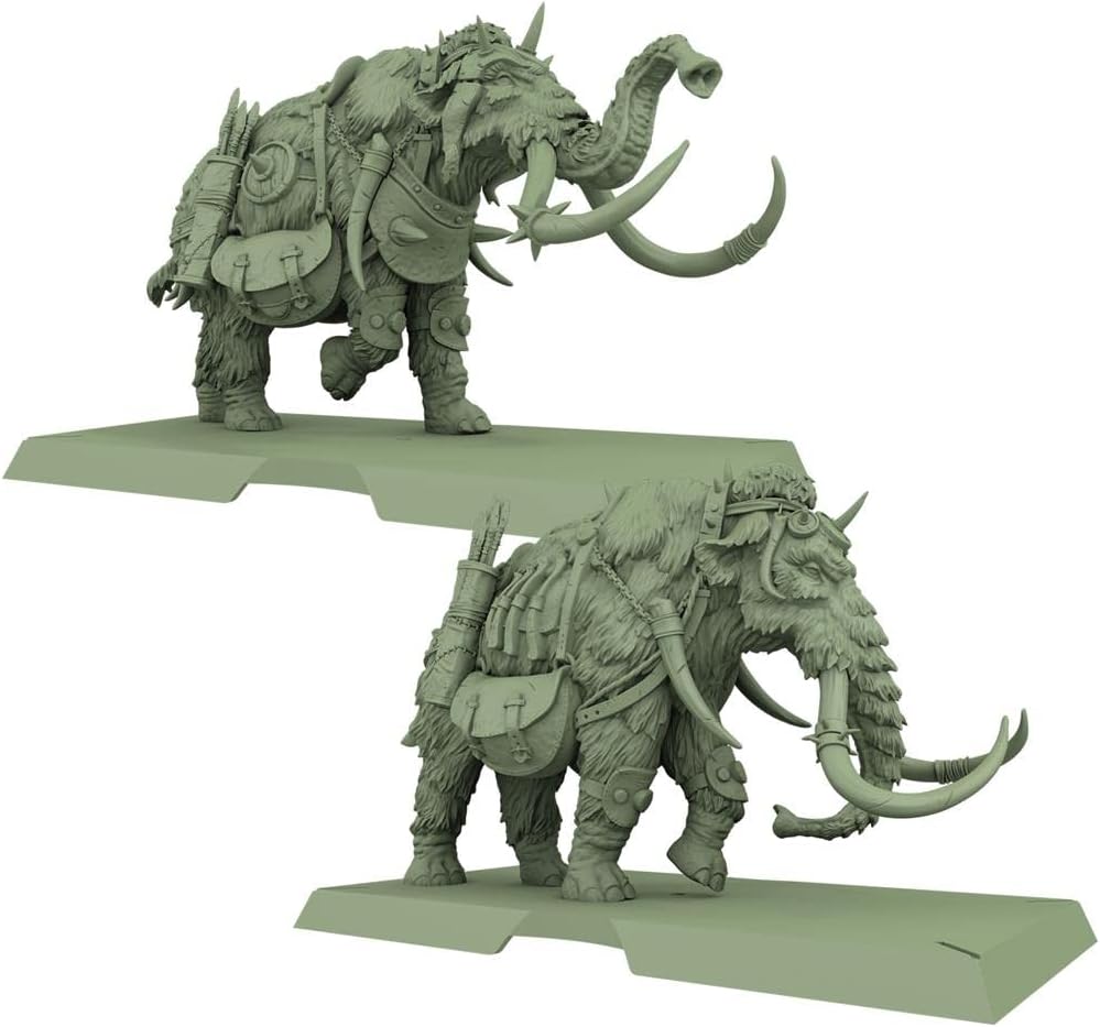 Pese a que no quedan muchos mamuts en el mundo, el Pueblo Libre y sus aliados los gigantes han adiestrado algunos para convertirlos en colosales máquinas de destrucción que arrasan el campo de batalla. Si bien su tamaño los convierte en objetivos fáciles, su grueso y lanudo pellejo les permite ignorar golpes que serían letales para otras criaturas. Los mamuts se valen de sus colmillos, su trompa y sus patas para atacar
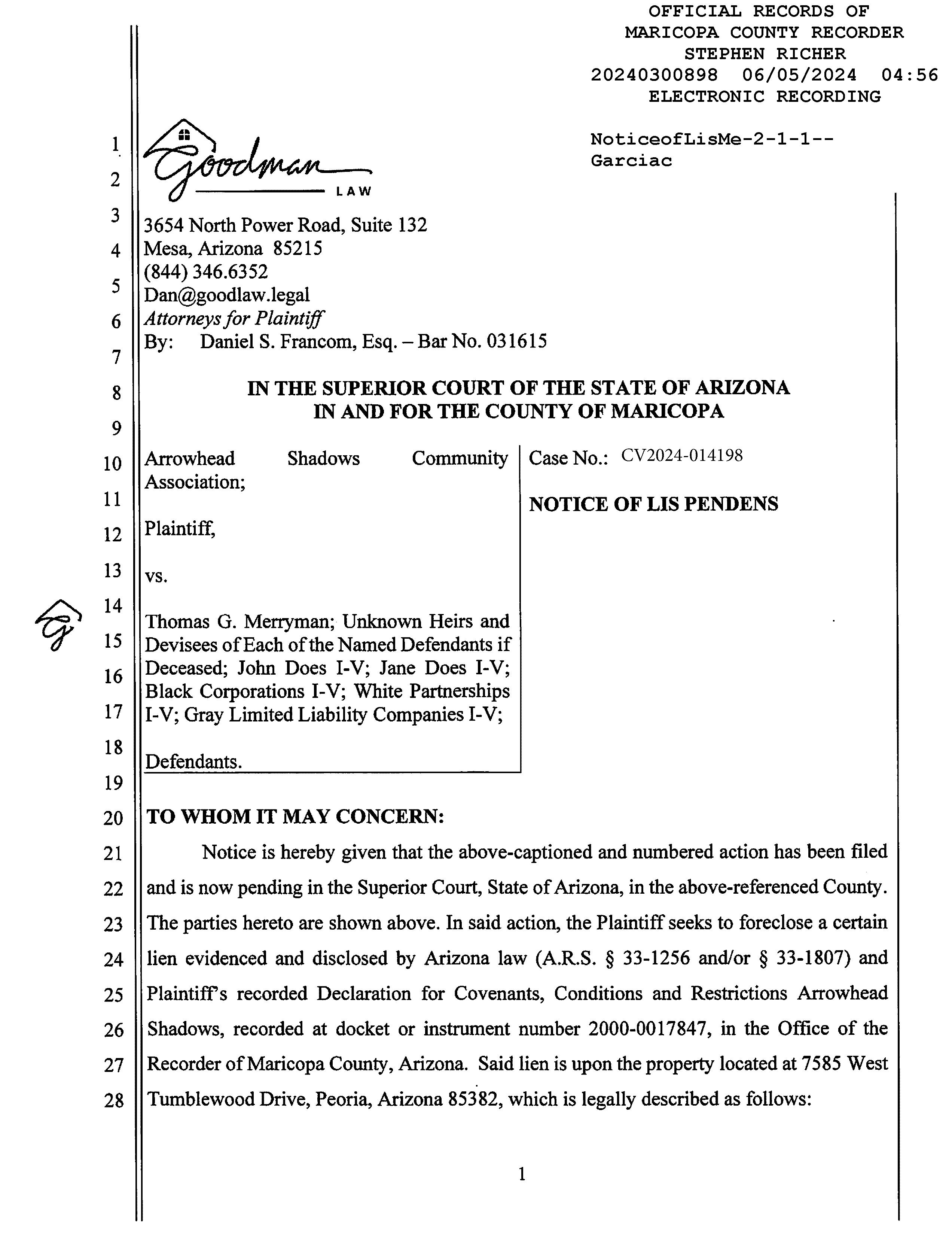 SITUS: 7585 W TUMBLEWOOD DR PEORIA
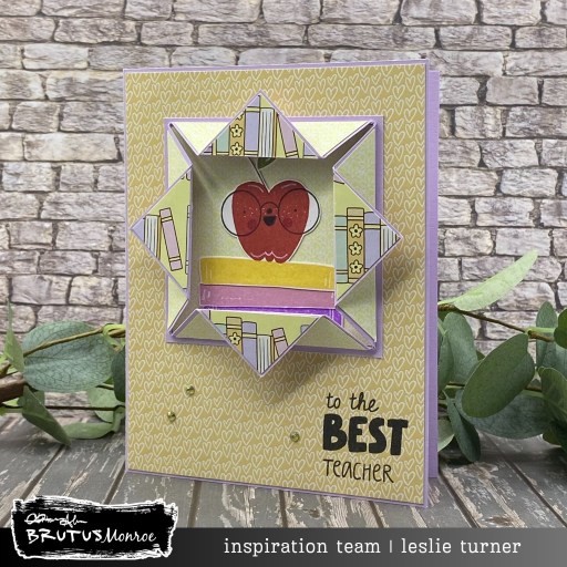 Howdy peeps, Happy Friday! I hope you’ve had a good week. I’m delighted to share my final Brutus Monroe DT inspiration project with you today featuring the Teacher’s Apple stamp set and coordinating prints from the Book Club paper pack. I also used Heather cardstock, the Super Sentimental stamp set (for the inside sentiment), and some Topaz crystals. This is the first explosion card I’ve made in years and I had forgotten how fun they are! It’s such an easy element to add to any card – and it packs a serious punch!

- - -

## REQUIREMENT
Exact lines, nothing more: output the one with "SITUS: 7585 W TUMBLEWOOD DR PEORIA" and every later line through the end of the data, skipping pictures.

## WORKED SOLUTION
 SITUS: 7585 W TUMBLEWOOD DR PEORIA
 Howdy peeps, Happy Friday! I hope you’ve had a good week. I’m delighted to share my final Brutus Monroe DT inspiration project with you today featuring the Teacher’s Apple stamp set and coordinating prints from the Book Club paper pack. I also used Heather cardstock, the Super Sentimental stamp set (for the inside sentiment), and some Topaz crystals. This is the first explosion card I’ve made in years and I had forgotten how fun they are! It’s such an easy element to add to any card – and it packs a serious punch!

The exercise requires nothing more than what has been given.